我正在尝试根据多个条件更改变量“曝光”。

例如：如果stimulus_content是“neg”，如果condition是“neg”，如果set是“A”，那么变量“exposure”的内容应该改为“ long" 用于stimulus_no 为 X1、X2、... 或 X5 的行。对于stimulus_no 为X6、X7、...或X10的行，变量“exposure”应更改为“short”。
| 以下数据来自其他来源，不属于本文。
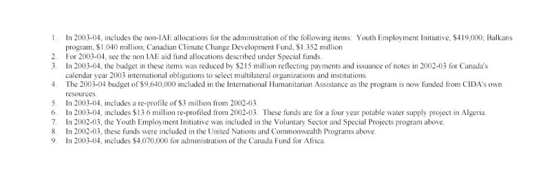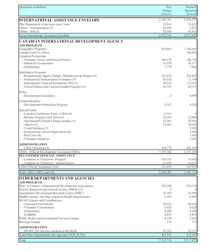 In terms of planned program expenditures for 2003-2004, some observable changes from the preceding fiscal year include: an increase of approximately $372 million in CIDA’s geographic programs spending; an increase of about $16 million in funding for International Financial Institutions (IFIs); a small decrease ($250,000) in funding for UN and Commonwealth programs; a decrease of over 40% in funding for Balkans programs; and a small decrease in funding for the International Climate Change Strategy.

依此类推...

我希望下面的代码能让问题更清楚。

首先，这是大概的数据集：

n <- 6
dataset <- data.frame(
participant = rep(1:n, each=40),
condition = rep(c("pos","neg"), each=40),
set = rep(c("A","B"), each=40),
stimulus_content = rep(c("pos","neg"), each=2),
stimulus_no = rep(c("X1","X10","X11","X12","X13","X14","X15","X16","X17","X18","X19","X2","X20","X3","X4","X5","X6","X7","X8","X9"), each=2),
exposure = NA)

我们尝试的第一件事是通过循环。为简单起见，仅包含循环的一部分。它不返回错误，但也不执行任何操作。
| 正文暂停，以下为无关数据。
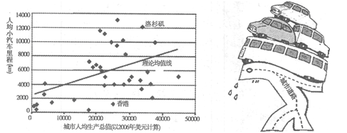 材料二:世界37个城市人均产值与人均小汽车里程?材料三:漫画《不堪重负》

for (i in 1:length(longdat[,1])){
  if(longdat[i,"stimulus_content"] == "pos") { 
    if(longdat[i,"condition"] == "pos") {
      if(longdat[i,"set"] == "A") {     
        for(stimulus_no in c("X1","X2","X3","X4","X5")){longdat[i,"exposure"] == "long"}
        for(stimulus_no in c("X6","X7","X8","X9","X10")){longdat[i,"exposure"] == "short"}
        for(stimulus_no in c("X11","X12","X13","X14","X15","X16","X17","X18","X19","X20")){longdat[i,"exposure"] == "none"}
      } else { #for condition = pos and set != A            
        for(stimulus_no in c("X11","X12","X13","X14","X15")){longdat[i,"exposure"] == "long"}
        for(stimulus_no in c("X16","X17","X18","X19","X20")){longdat[i,"exposure"] == "short"}
        for(stimulus_no in c("X1","X2","X3","X4","X5","X6","X7","X8","X9","X10")){longdat[i,"exposure"] == "none"}
      }
    }
  }
}

接下来，我们尝试通过 mutate 和 case_when。这段代码完全符合它的预期，但它几乎有 100 行长！请在下面找到摘录。

longdat2 <- longdat %>%
  mutate(exposure = case_when(
    # Condition pos, set A
    stimulus_no=="X1" & stimulus_content=="pos" & condition=="pos" & set=="A" ~ "long",
    stimulus_no=="X2" & stimulus_content=="pos" & condition=="pos" & set=="A" ~ "long",
    # ...
    stimulus_no=="X9" & stimulus_content=="pos" & condition=="pos" & set=="A" ~ "short",
    stimulus_no=="X10" & stimulus_content=="pos" & condition=="pos" & set=="A" ~ "short",
    stimulus_no=="X11" & stimulus_content=="pos" & condition=="pos" & set=="A" ~ "none",
    # ... accordingly for condition pos and set B, and for condition neg and set A
    # and eventually for condition neg and set B
    stimulus_no=="X18" & stimulus_content=="neg" & condition=="neg" & set=="B" ~ "short",
    stimulus_no=="X19" & stimulus_content=="neg" & condition=="neg" & set=="B" ~ "short",
    stimulus_no=="X20" & stimulus_content=="neg" & condition=="neg" & set=="B" ~ "short",
  )
)

如果有人设法发现循环中的错误或者可以告诉我第二个（或第一个）选项的更简洁版本，我将非常感激！

提前非常感谢！

Answer 1

1) grep 创建一个code，将要匹配的列粘贴在一起，然后使用正则表达式匹配它们以获得简洁的表达式。不使用任何包。请注意，[^A] 将匹配任何不是 A 的单个字符。如果您只有 A 和 B，则可以使用 B 代替。 X1[1-5] 将匹配 X11, ..., X15。 X[6-9]|X10 将匹配 X6, ..., X10。 $ 匹配字符串的结尾。如果要保留 code 列，请省略 code <- NULL 行。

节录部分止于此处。